OPINION OF THE COURT
White, J.In her complaint in this medical malpractice action stemming from defendants’ prenatal treatment of her, plaintiff alleges that, between November 9, 1982 and November 11, 1982, defendants failed to correctly and properly assess the significance of an ultrasound report and an amniocentesis test and permitted her to proceed beyond full term, thereby causing the infant to be born on November 30, 1982 with severe and permanent injuries. Because plaintiff did not commence this action until November 23, 1992, defendants included two affirmative defenses relating to the Statute of Limitations in their answer. Plaintiff’s motion to strike these defenses was granted by Supreme Court, giving rise to this appeal by defendants.
The Statute of Limitations for a medical malpractice action is 2 Vi years, which may be tolled during a plaintiff’s infancy for a maximum of 10 years from the accrual of the claim (see, CPLR 208, 214-a). As a general rule, a medical malpractice action accrues at the time of the commission of the alleged malpractice subject to the continuous treatment doctrine and foreign object exception (see, Goldsmith v Howmedica, Inc., 67 NY2d 120, 122).
Plaintiff would have us create another exception for prenatal injury cases by establishing the date of birth as the accrual date. The rationale for her argument is that a cause of action for prenatal injuries cannot be pursued unless the child is born alive (see, Scott v Capital Area Community Health Plan, 191 AD2d 772, lv denied 82 NY2d 656).

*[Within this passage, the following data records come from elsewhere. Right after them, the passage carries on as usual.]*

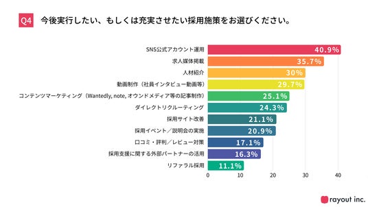 今後実行したい・充実させたい施策として最も多かったのは、「SNS公式アカウント運用」(40.9%)でした。次いで、「求人媒体掲載」(35.7%)、「人材紹介」(30.0%)、「動画制作」(29.7%)、「コンテンツマーケティング(Wantedly, note, オウンドメディア等の記事制作)」(25.1%)が続き、伝え方や見せ方の工夫を行うクリエイティブ業務に直結する領域が並びました。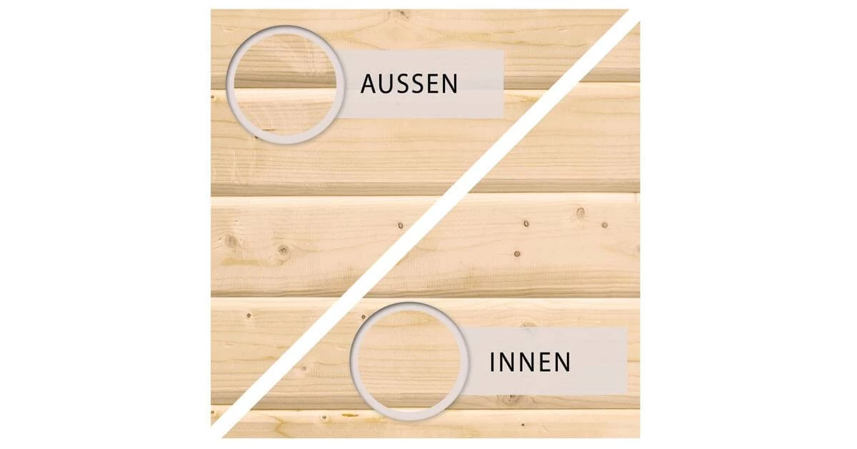 Das Fasshaus aus 38 mm starker, nordischer Fichte wird im Steck-/Schraubsystem montiert. Mit einem Gesamtmaß von 205 cm x 273 cm bietet es genügend Platz zum Entspannen. Innen bieten 2 Saunabänke aus Fichte Platz zum Liegen. Das formschöne und praktische Tonnendach sorgt für den Witterungsschutz von oben. Betreten werden kann das Saunahaus durch eine bronzierte Ganzglastür mit Magnetverschluss. Ein Ofenschutzgitter und alle notwendigen Schrauben und Beschläge sowie eine aussagekräftige Montageanleitung sind selbstverständlich ebenfalls dabei.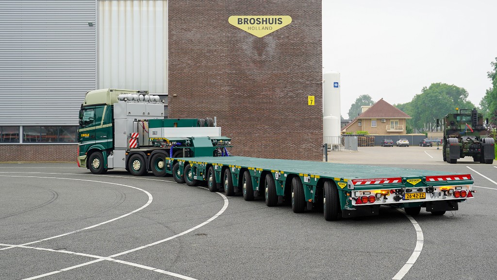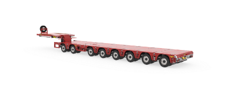 For the transport of extremely heavy and high loads, the 8-axle pendle semi low loader is the most popular semi trailer. Because it is multifunctional, almost any load can be transported with this 8-axle trailer. Thanks to our many years of experience in building semi low loaders and the proven attributes of our pendle axles by the American Defense, you can be assured that our products are of the highest quality. This 8-axle version is designed as a 2 + 6 configuration, where the first two axles remain attached to the gooseneck during extension and act as a dolly. These two axles steer with the truck, making the 8-axle pendle semi low-loader very manoeuvrable. The trailer can extend to a maximum length of 26 meters.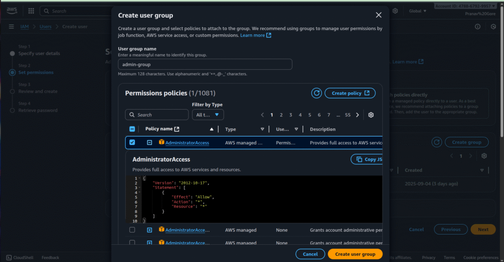 - Attach a policy like AdministratorAccess (AWS managed) for full access.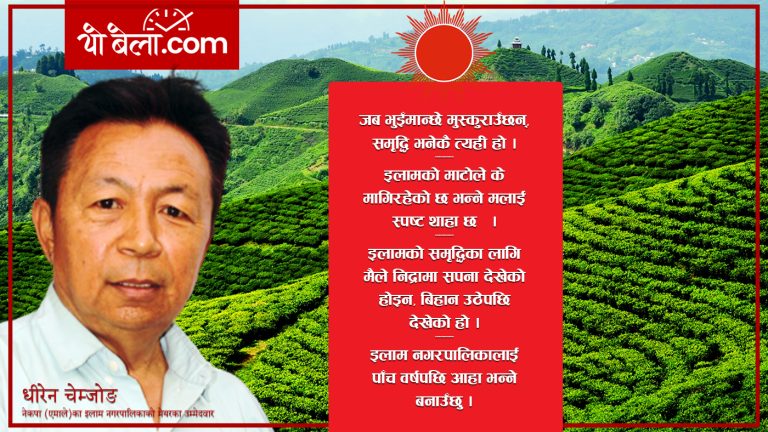 यही वैशाख ३० मा हुने स्थानीय तह निर्वाचनमा नेपाल कम्युनिस्ट पार्टी (एमाले)को तर्फबाट मेयरको उम्मेदवार बनेका धीरेन चेम्जोङ इलाम नगरपालिकाबासीका लागि परिचय गराइरहनुपर्ने नाम होइन । बाल्यकालदेखि कम्युनिस्ट राजनीतिमा सक्रिय भएरमात्र होइन, इलामको पत्रकारितालाई फलाउने, फूलाउनेदेखि यहाँको फुटबललाई हजारौं युवाको ढुकढुकी बनाउने अभियानको अग्र मोर्चामा सधैं धीरेन चेम्जोङकै नाम आउँछ । हक्की र आँटिलो स्वभाव, स्पष्ट बोली र विविध क्षेत्रको नेतृत्वदायी पात्रका रूपमा धीरेन चेम्जोङ प्रायः इलाम नगरबासीको आँखाअगाडि झुल्किरहेको हुन्छ र उनको आवाज इलामेका कानमा अक्सर गुुञ्जिरहेकै हुन्छ । विविध पृष्ठभूमिलाई आधार बनाएर उहाँ अहिले इलाम नगरको मेयरको प्रत्यासी छन् । प्रस्तुत छ, उनै चेम्जोङसँग आउँदो निर्वाचनमा केन्द्रित रहेर गरिएको कुराकानीको अंश :
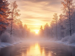 River, winter, Stones, forest, snow, lanterns, trees, viewes, Home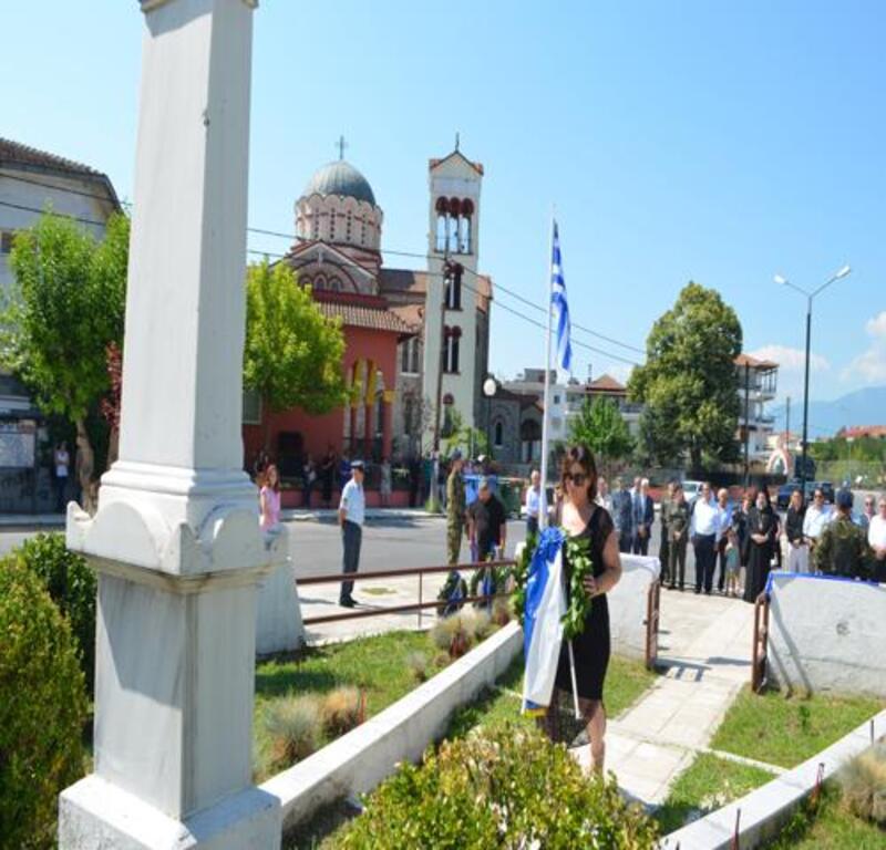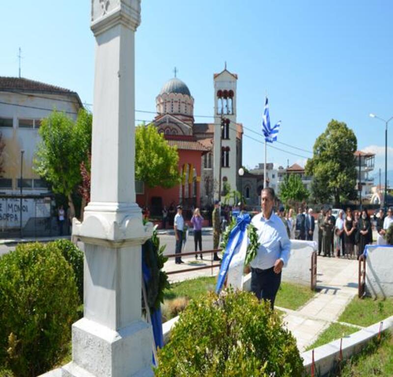 Στη συνέχεια στο Ηρώο της πόλης με την παρουσία τιμητικής Φρουράς του Στρατού μας τελέστηκε επιμνημόσυνη δέηση και κατατέθηκαν στεφάνια από: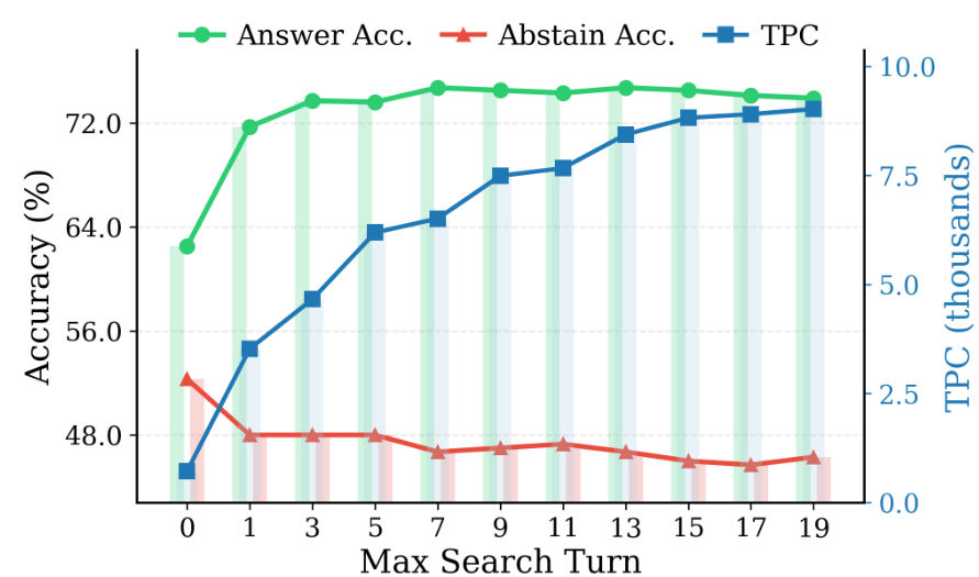 图 2 o4-mini 在最大搜索轮次从 0 增加到 19 时的性能。答案准确性(针对可回答查询)从无搜索到一次搜索显著提高,随后在约 7 次搜索后达到峰值并趋于平稳。拒绝回答准确性(针对不可回答查询)随着搜索次数的增加而持续下降。与此同时,TPC 单调上升,这表明存在过度搜索:成本累积速度快于正确性收益,因为额外的搜索既没有提高答案准确性,也没有阻止拒绝回答准确性的下降。
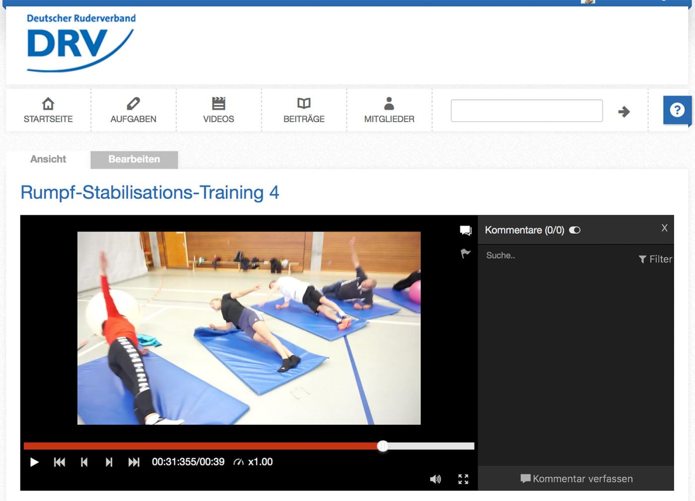 Mit einem kurzen Ausflug in die Sportmedizin im weitesten Sinne mit Dr. Gerd Schwiethal war unsere erste Zusammenkunft auch schon vorbei, und wir konnten uns langsam mit unserer Haupthausaufgabe, einer Aufgabe zur Selbstreflexion vertraut machen. Hier stand uns ein von vielen zuerst ein wenig skeptisch beäugtes Instrument zur Verfügung, die E-Learning-Plattform edubreakSportcampus. Das über dieses Portal mehr möglich ist, als einfach nur Dokumente online zu stellen, konnten wir mit der Aufgabe erfahren: Wir luden also alle einen Kurzfilm von und über uns ins Netz, der uns in unserer alltäglichen Arbeitsumgebung mit unseren Sportlern zeigen sollte. Der konnte nun von wiederum allen Teilnehmern und freigeschalteten Dozenten sekundengenau kommentiert und mit Markierungen versehen werden. Eine feine Sache, die schon mal dazu verleiten konnte, eigene nicht aufgabenrelevante, aber trotzdem interessante Rudervideos hochzuladen und zur Diskussion freizugeben. Die Resonanz auf die Videos, heißt die Anzahl der Beiträge, war durchaus beeindruckend. Einen besonderen Dank an die beiden Psychologinnen Dr. Gaby Bußmann und Sophie Petzold, die sich neben ihrem Thema Sportpsychologie die Zeit nahmen, mit uns ausgewählte Videos hinsichtlich der Kommunikation des Trainers mit dem Sportler exemplarisch zu besprechen. Das war eine echte intellektuelle Aufwertung im Kreise von uns, seht mir das nach, Turnhosenträgern.

Plaintiff cites no authority supporting her position. In fact, in an analogous medical malpractice case, Jorge v New York *301City Health & Hosps. Corp. (164 AD2d 650, revd on other grounds 79 NY2d 905), arising out of the defendant’s misreading of genetic test results of the child’s father early in the mother’s pregnancy, the First Department noted that Supreme Court was correct in its determination that the cause of action accrued on the date the test result was misread. Likewise, in another prenatal injury case, the cause of action was deemed to have accrued on the date the plaintiff’s physician negligently attributed her illness to food poisoning, rather than to rubella, the First Department holding that a medical malpractice claim accrues on the date of the original act, omission or complained-of failure (see, Branigan v DeBrovner, 197 AD2d 270). We also conclude that plaintiff's cause of action accrued when defendants allegedly misread the test results on November 9, 1982 and November 11, 1982.
We note that our conclusion is in accord with the legislative intent expressed in CPLR 214-a recognizing the continuous treatment doctrine and the foreign object rule as the only exceptions to the general rule regarding the accrual of a medical malpractice cause of action, and courts have been reluctant to broaden the narrow confines of the exceptions contained in CPLR 214-a (see, Rockefeller v Moront, 81 NY2d 560). Moreover, there are no public policy reasons for creating an exception for prenatal injury cases since the infancy toll provision of CPLR 208 provides an injured infant with an ample period of time within which to seek redress.
Even if the Statute of Limitations is tolled under the continuous treatment doctrine to November 30, 1982, the date of the infant’s birth, plaintiff would not benefit since the 10-year infancy toll runs from the date the act of malpractice occurred rather than from the end of the period of continuous treatment (see, Matter of Daniel J. v New York City Health & Hosps. Corp., 77 NY2d 630, 634). Accordingly, we find that Supreme Court should have denied plaintiff’s motion since this action was commenced more than 10 years after the accrual of the cause of action.
In our view the dissent’s reliance on Kronos, Inc. v AVX Corp. (81 NY2d 90) is misplaced because there is nothing therein to indicate that the general proposition that a tort cause of action does not accrue until an injury is sustained or when all the elements of the tort can be truthfully alleged in the complaint overrides the recently reiterated rule that a malpractice cause of action accrues at the time of the commission of the alleged act of malpractice (see, Rockefeller v *302Moront, supra). Moreover, the dissent overlooks the distinction between a cause of action and a right of action, the latter being the legal right to maintain an action based upon a given state of facts or transaction (Black’s Law Dictionary 1190 [5th ed 1979]). The fact that an action for prenatal injuries cannot be pursued unless the infant is born alive is not a substantive element of a malpractice cause of action (see, 5 Carmody-Wait 2d, NY Prac § 29:874, at 391), but rather is a limitation upon the infant’s right to maintain such action. Thus, it has no relevancy to the accrual of plaintiffs cause of action in this case.
For these reasons, Supreme Court should have denied plaintiffs motion seeking to dismiss defendants’ affirmative defenses asserting the Statute of Limitations.